How does it work? The relevance measure assesses the ability of answers to capture the key points of the context. High relevance scores signify the AI system's understanding of the input and its capability to produce coherent and contextually appropriate outputs. Conversely, low relevance scores indicate that generated responses might be off-topic, lacking in context, or insufficient in addressing the user's intended queries.
When to use it? Use the relevance metric when evaluating the AI system's performance in understanding the input and generating contextually appropriate responses.
What does it need as input? Question, Context, Generated Answer

Built-in prompt used by Large Language Model judge to score this metric (For question answering data format):

Relevance measures how well the answer addresses the main aspects of the question, based on the context. Consider whether all and only the important aspects are contained in the answer when evaluating relevance. Given the context and question, score the relevance of the answer between one to five stars using the following rating scale: 

One star: the answer completely lacks relevance 

Two stars: the answer mostly lacks relevance 

Three stars: the answer is partially relevant 

Four stars: the answer is mostly relevant 

Five stars: the answer has perfect relevance 

This rating value should always be an integer between 1 and 5. So the rating produced should be 1 or 2 or 3 or 4 or 5. 
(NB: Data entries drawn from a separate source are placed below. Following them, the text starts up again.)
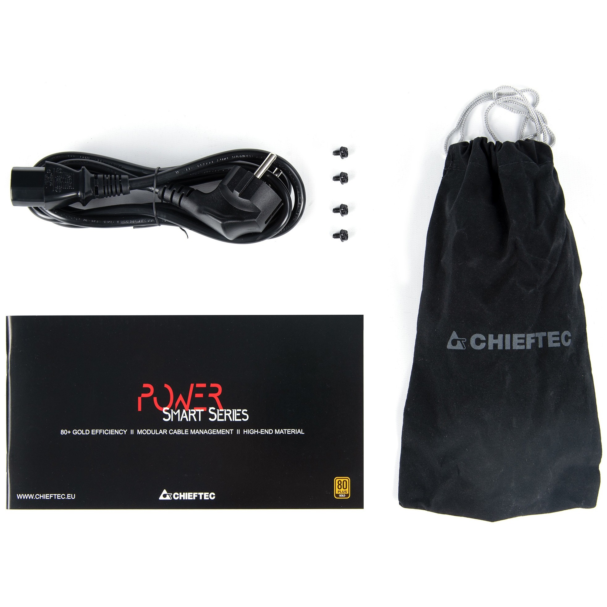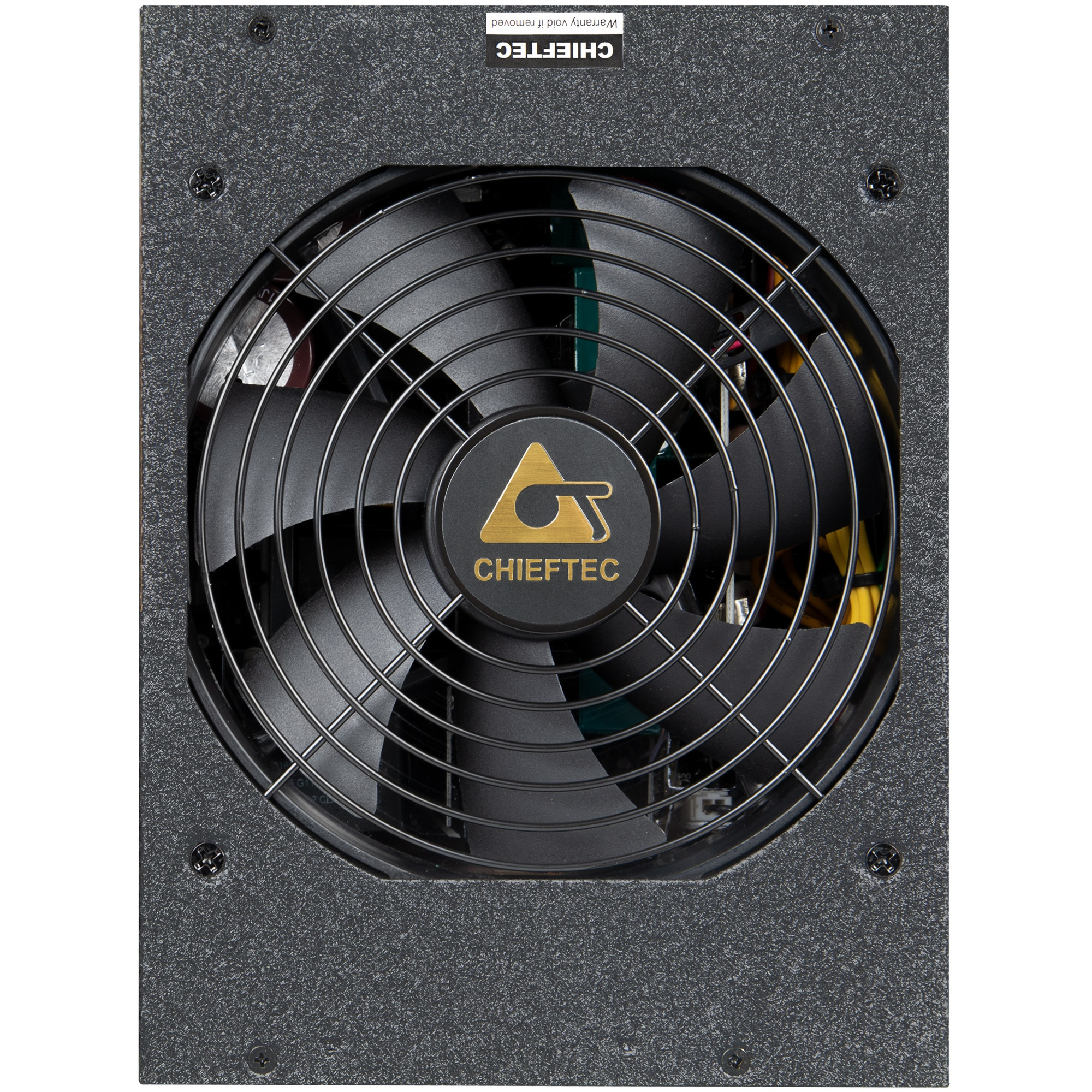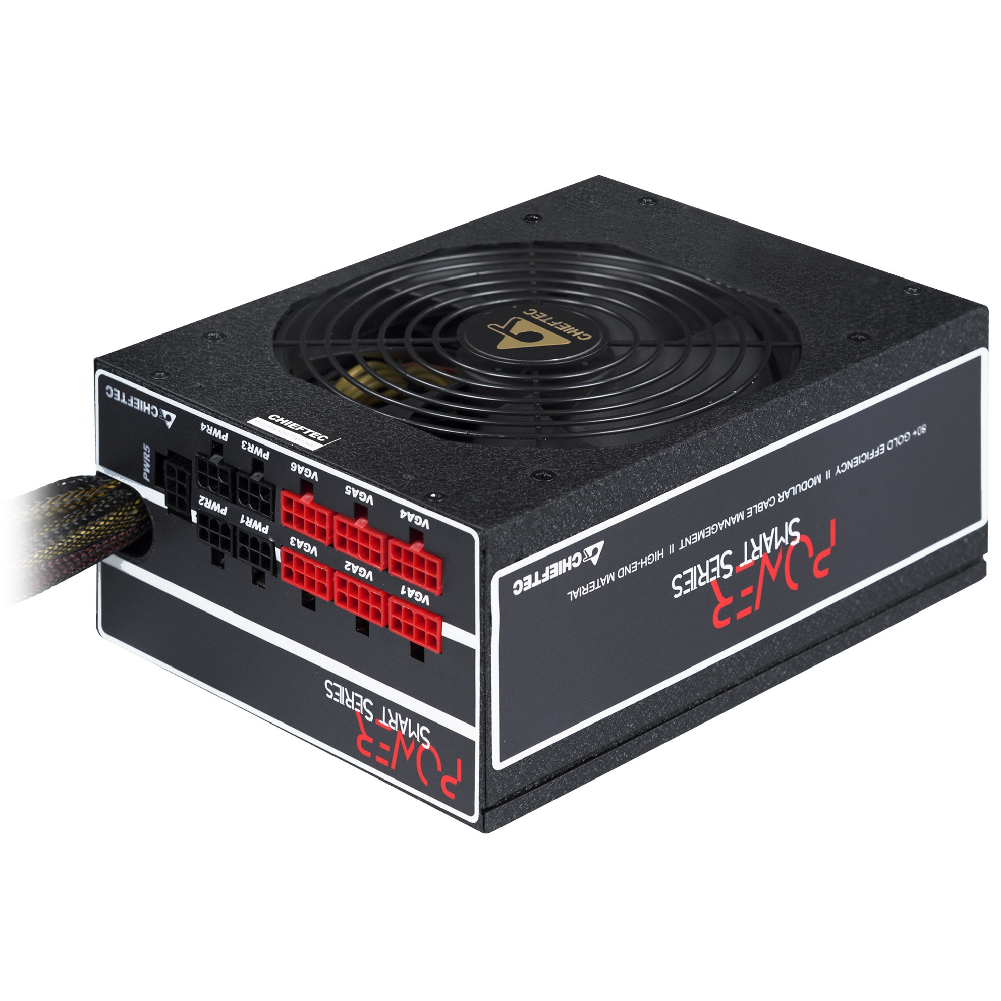 Благодаря использованию технологии Intel Haswell, удобному кабель-менеджменту, а также применению дизайна +12V Single Rail Design с одной выделенной линией +12В на выходе и достаточно длинным отстёгивающимся кабелям в оплётке с большим количеством коннекторов блок питания Chieftec обеспечивает поддержку любых компонентов с интенсивным энергопотреблением, включая системы с несколькими графическими адаптерами. Эффективность блока питания в рабочем режиме превышает 90 %, что обеспечивает надёжность и стабильность питания компьютерной системы. В БП используется активная коррекция коэффициента мощности (PFC, Power Factor Correction).
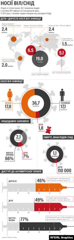 1 грудня – Всесвітній день боротьби зі СНІДОМ. За даними Українського центру контролю за соціально небезпечними захворюваннями МОЗ України, за десять місяців 2016 року в Україні зареєстровано більше 13 тисяч нових випадків ВІЛ-інфекції, з них майже 2 з половиною тисячі – діти до 14 років. За оцінками міжнародних експертів, понад 40% інфікованих українців навіть не знають про свій ВІЛ-позитивний статус. Однією з причин, чому Україна залишається серед лідерів у Європі за масштабами поширення цього вірусу, експерти називають невчасну діагностику та недостатню поінформованість громадян.
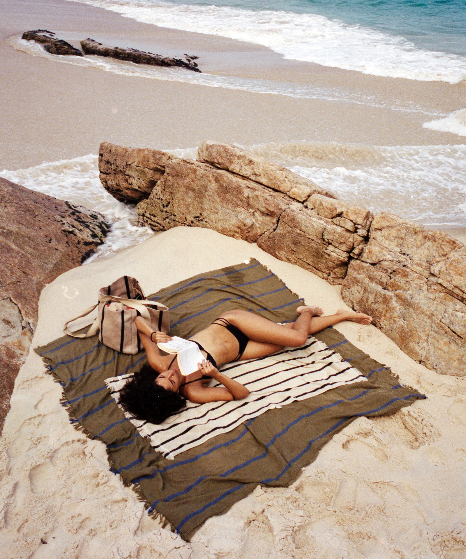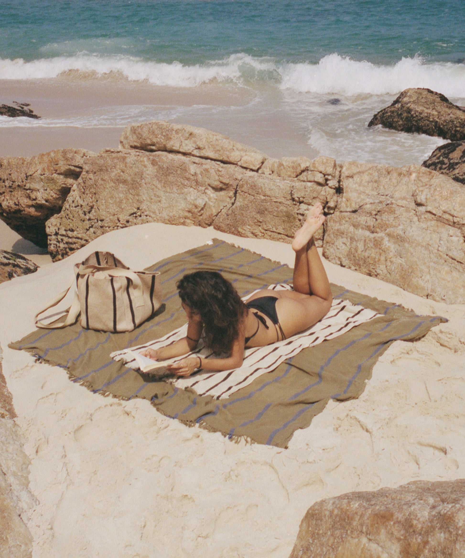 The Alee Beach Towel is made from a rich, GOTS-certified, organic cotton terry, which is highly absorbent and made to last. The towel collection comes with decorative fringes at each end, emphasizing its relaxed feel and expression.
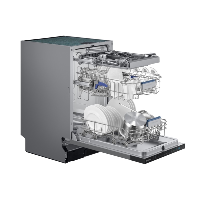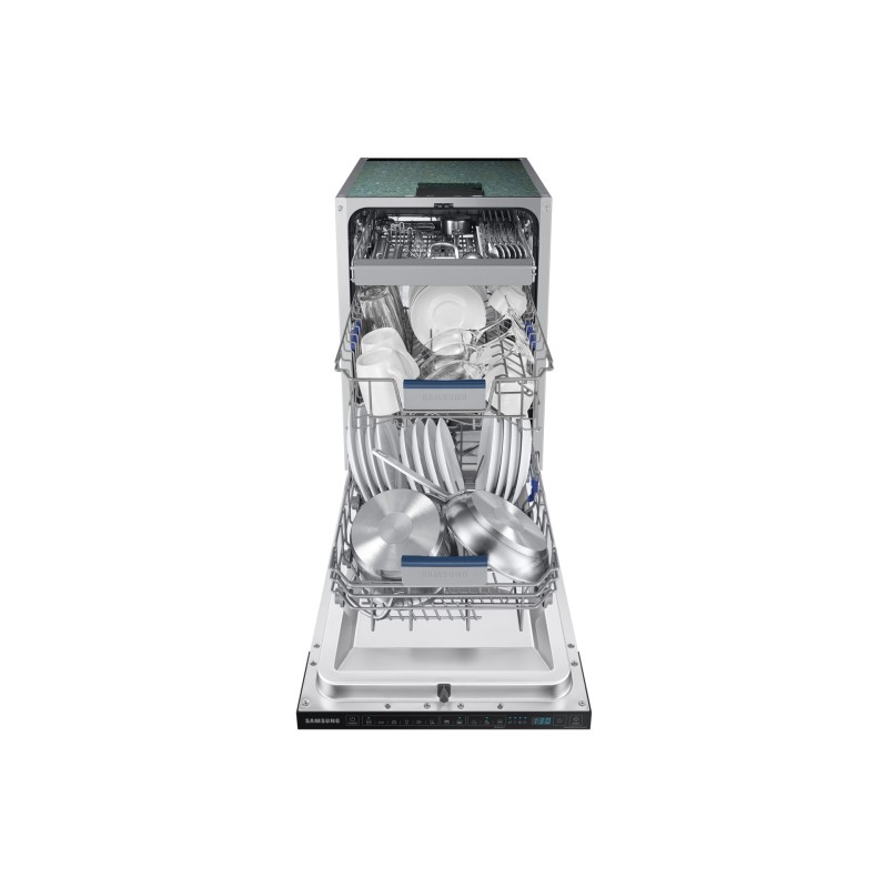 Samsung Lavavajillas Integrable 45cm 10 cubiertos Clase D Blanco DW50DG450B00ET. Tipo de instalación: Completamente integrado, Talla del producto: Estrecho (45 cm), Panel de control: Negro. Número de cubiertos: 10 cubiertos, Clase de emisión de ruido: B, Nivel de ruido: 44 dB. Clase de eficiencia de energía: D, Consumo de agua por ciclo de lavado: 9 L, Consumo de energía por 100 ciclos: 67 kWh. Ancho: 448 mm, Profundidad: 550 mm, Altura: 815 mm. Ancho del paquete: 510 mm, Profundidad del paquete: 650 mm, Altura del paquete: 885 mm
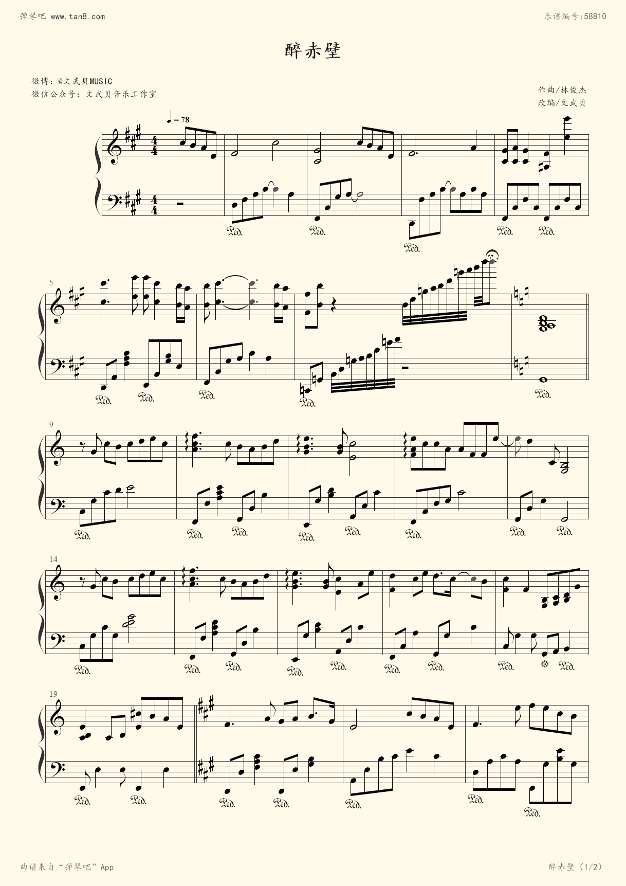 钢琴谱:醉赤壁(文武贝版)

Built-in prompt used by Large Language Model judge to score this metric (For conversation data format) (without Ground Truth available):

You will be provided a question, a conversation history, fetched documents related to the question and a response to the question in the {DOMAIN} domain. Your task is to evaluate the quality of the provided response by following the steps below:  
 
- Understand the context of the question based on the conversation history.  
 
- Generate a reference answer that is only based on the conversation history, question, and fetched documents. Don't generate the reference answer based on your own knowledge.  
 
- You need to rate the provided response according to the reference answer if it's available on a scale of 1 (poor) to 5 (excellent), based on the below criteria:  
 
5 - Ideal: The provided response includes all information necessary to answer the question based on the reference answer and conversation history. Please be strict about giving a 5 score.  
 
4 - Mostly Relevant: The provided response is mostly relevant, although it might be a little too narrow or too broad based on the reference answer and conversation history.  
 
3 - Somewhat Relevant: The provided response might be partly helpful but might be hard to read or contain other irrelevant content based on the reference answer and conversation history.  
 
2 - Barely Relevant: The provided response is barely relevant, perhaps shown as a last resort based on the reference answer and conversation history.  
 
1 - Completely Irrelevant: The provided response should never be used for answering this question based on the reference answer and conversation history.  
 
- You need to rate the provided response to be 5, if the reference answer can not be generated since no relevant documents were retrieved.  
 
- You need to first provide a scoring reason for the evaluation according to the above criteria, and then provide a score for the quality of the provided response.  
 
- You need to translate the provided response into English if it's in another language. 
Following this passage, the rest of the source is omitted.